| What is being asked |
Of the entries below, repeat exactly only those lines from the one containing "- Petrai, kad" through the last line, with pictures omitted.

| Records to process |
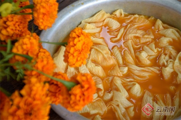 云南人吃花的花类品种中,万寿菊占有一席之地。在云南文山、红河、曲靖、丽江等地,万寿菊不仅仅是旅游打卡的观赏性花朵,还是美味菜肴的主要原料。味道鲜甜、清凉解暑的凉拌万寿菊,酥软可口、颜值爆表的菊花酥,营养滋补的万寿菊花鸡……视觉与味蕾的独特享受,让无数老饕纷纷慕名而来。
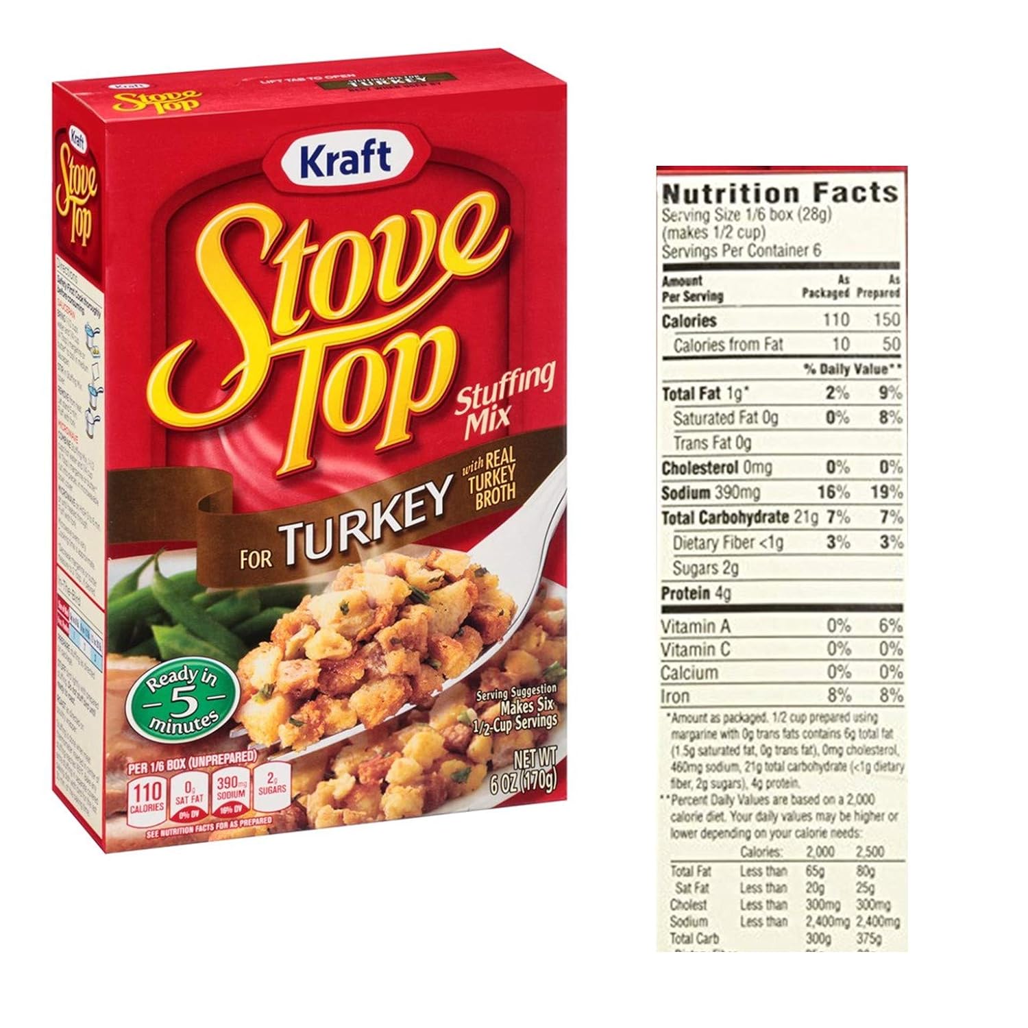 Stove Top Stuffing Mix For Turkey - 6oz : Target Use it for recipes such as Ultimate Leftover Turkey Sandwich or Easy Turkey Pot Pie. Versatile pantry staple; can be enjoyed as stuffing or as an ingredient in many dishes. Boxed stuffing ready in just 5 minutes. 110 calories per serving and 6 servings per package. Serve it as the perfect stuffing side at any family meal.
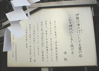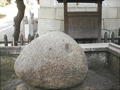 以下がその「玉の石」である。道後温泉本館北側に設置されているが、勿論真偽のほどは定かではないし、伊豫国風土記も現
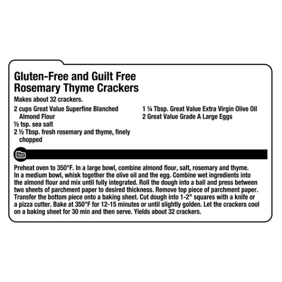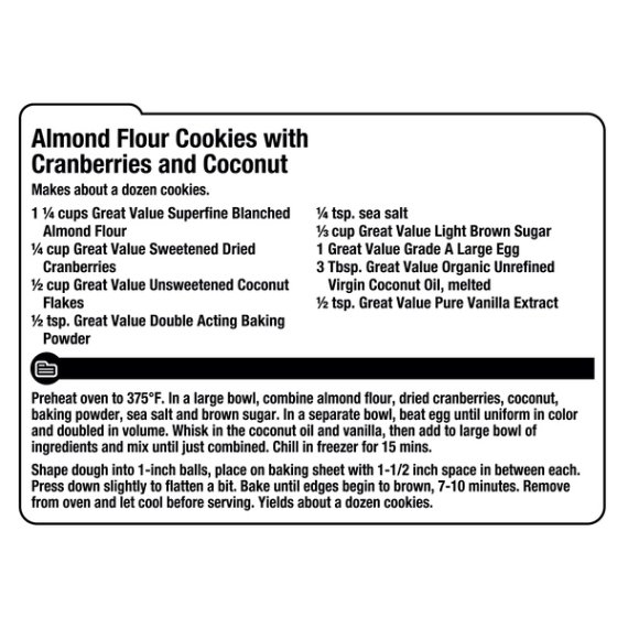Details    Ingredients  BLANCHED ALMOND FLOUR.       Product features   Great Value Superfine Blanched Almond Flour is perfect for use in your gluten-free baking. This superfine blanched almond flour comes in a reclosable bag to help maintain freshness, and for optimal freshness, seal the bag after each use and store in the refrigerator or freezer. This bag contains two pounds of almond flour which ensures there will be plenty of flour to have at your disposal for when you’re testing out all your new recipes. Use this almond meal as a flour substitute in some of your favorite gluten-free baking classics like low-carb crackers, cookies and more. It is low in sugar and contains three grams of protein per two-tablespoon serving. For a health-conscious spin on your favorite recipes, try Great Value Superfine Blanched Almond Flour.    Great Value products provide families with affordable, high-quality grocery and household consumable options. With our wide range of product categories spanning grocery and household consumables, we offer you a variety of products for your family's needs. Our products are conveniently available online and in Walmart stores nationwide, allowing you to stock up and save money at the same time.      Great Value Superfine Blanched Almond Flour, 2 lbs:     Perfect choice for gluten-free baking   Reclosable bag maintains freshness for longer   Low in sugar and contains three grams of protein per two-tablespoon serving   60 servings per container   For optimal freshness, seal the bag after each use and store in the refrigerator or freezer       Net Quantity of Content   60 X 2 Tbsp
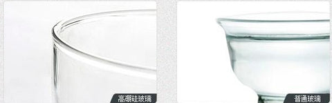 1 Color contrast: The color of high borosilicate glass is yellow or white, the lighter the color, the lighter the quality and the harder the texture. Ordinary glass is blue-green in color.
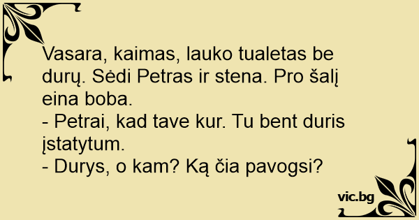 - Petrai, kad tave kur. Tu веnт duris įstatytum.
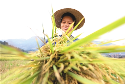 图为广西三江侗族自治县良口乡和里村村民在田间收割再生稻。
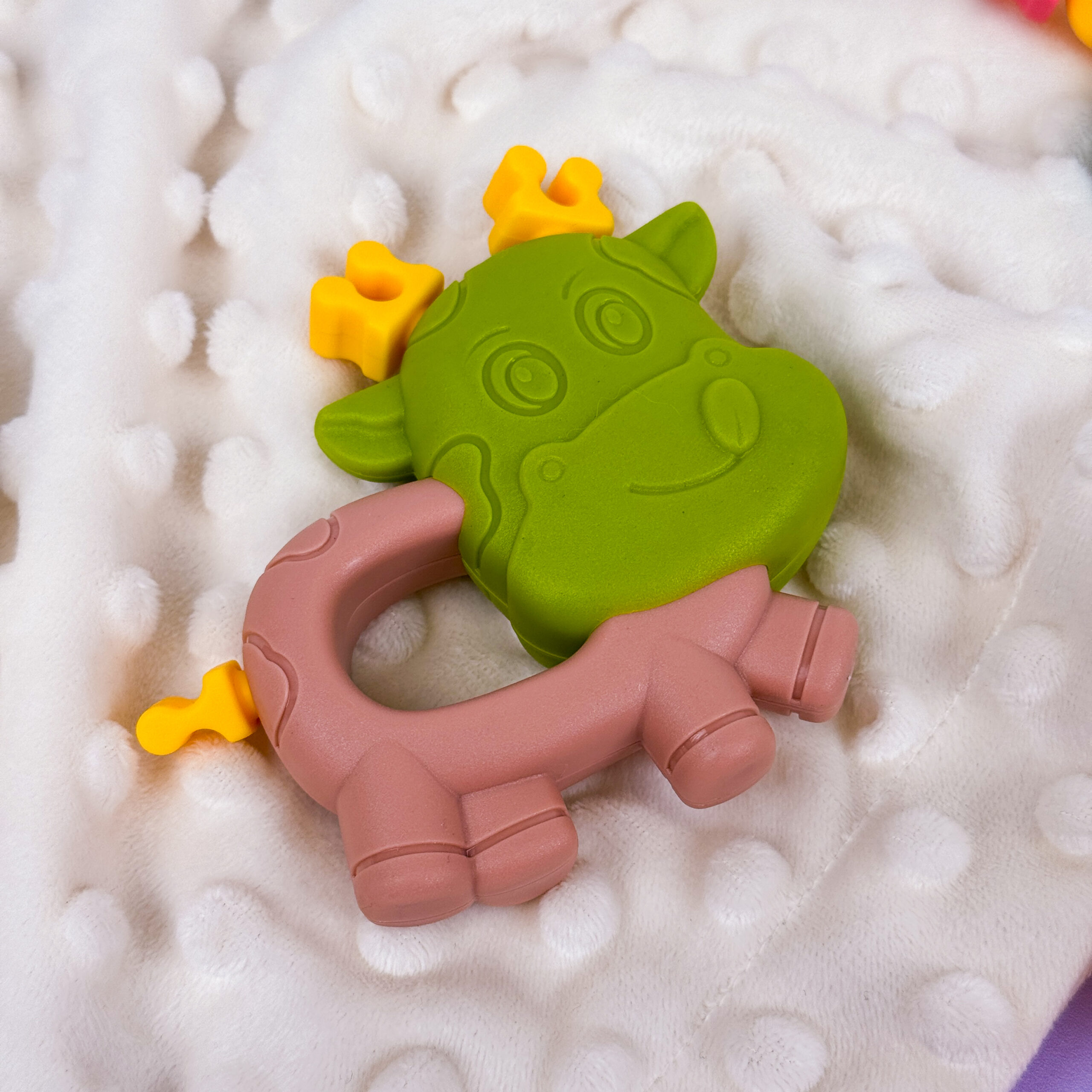 - ✅ Гризунець із рельєфною текстурою – полегшує біль під час прорізування зубів.
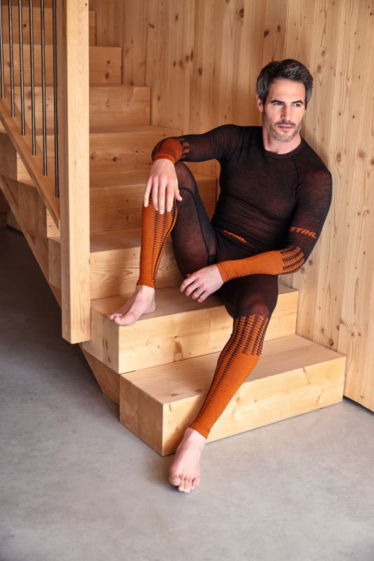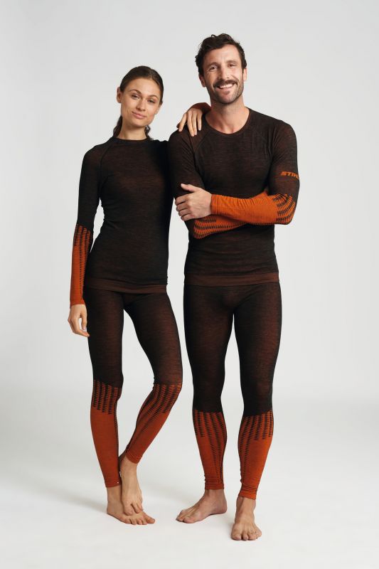 Dlouhé spodní prádlo STIHL pro sport a volný čas ze směsi lyocellu a merina. Kalhoty jsou v tmavě šedé melanžové barvě s pleteným vzorem malých řetězových pil v oranžové barvě. V pase je zdůrazněné pletené logo STIHL a řetězová pila.
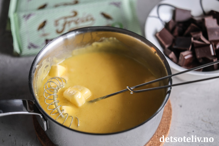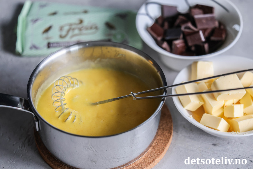 Til sjokoladekremen has eggeplommene i en kjele sammen med kremfløte og sukker. Varm opp blandingen og la den småkoke i noen minutter til den tykner.

| Reply to the exercise |
 - Petrai, kad tave kur. Tu веnт duris įstatytum.
 图为广西三江侗族自治县良口乡和里村村民在田间收割再生稻。
 - ✅ Гризунець із рельєфною текстурою – полегшує біль під час прорізування зубів.
 Dlouhé spodní prádlo STIHL pro sport a volný čas ze směsi lyocellu a merina. Kalhoty jsou v tmavě šedé melanžové barvě s pleteným vzorem malých řetězových pil v oranžové barvě. V pase je zdůrazněné pletené logo STIHL a řetězová pila.
 Til sjokoladekremen has eggeplommene i en kjele sammen med kremfløte og sukker. Varm opp blandingen og la den småkoke i noen minutter til den tykner.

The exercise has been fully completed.